Sharp bounds for general commutators on weighted Lebesgue spaces

TL;DR

This paper establishes sharp bounds for commutators of operators on weighted Lebesgue spaces, showing their operator norms grow quadratically or as a power of the A_2 constant, with results applicable across all p, k, and dimensions.

Contribution

It provides the first sharp bounds for general commutators on weighted Lebesgue spaces, extending known linear bounds to quadratic and higher powers with respect to the A_2 constant.

Findings

Commutators obey quadratic bounds in A_2 for bounded operators.

Higher-order commutators grow as powers of the A_2 constant.

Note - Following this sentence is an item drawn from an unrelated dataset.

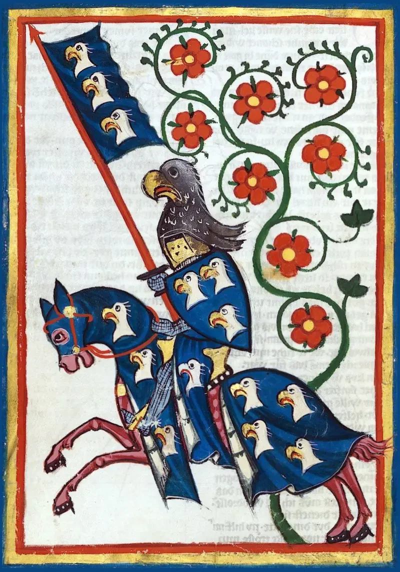 Рыцарь-миннезингер Дир фон Кюренберг, XII в. «Манесский кодекс»

Results are sharp and applicable across all p, k, and dimensions.

Abstract

We show that if an operator T is bounded on weighted Lebesgue space L^2(w) and obeys a linear bound with respect to the A_2 constant of the weight, then its commutator [b,T] with a function b in BMO will obey a quadratic bound with respect to the A_2 constant of the weight. We also prove that the kth-order commutator T^k_b=[b,T^{k-1}_b] will obey a bound that is a power (k+1) of the A_2 constant of the weight. Sharp extrapolation provides corresponding L^p(w) estimates. The results are sharp in terms of the growth of the operator norm with respect to the A_p constant of the weight for all 1<p<\infty, all k, and all dimensions, as examples involving the Riesz transforms, power functions and power weights show.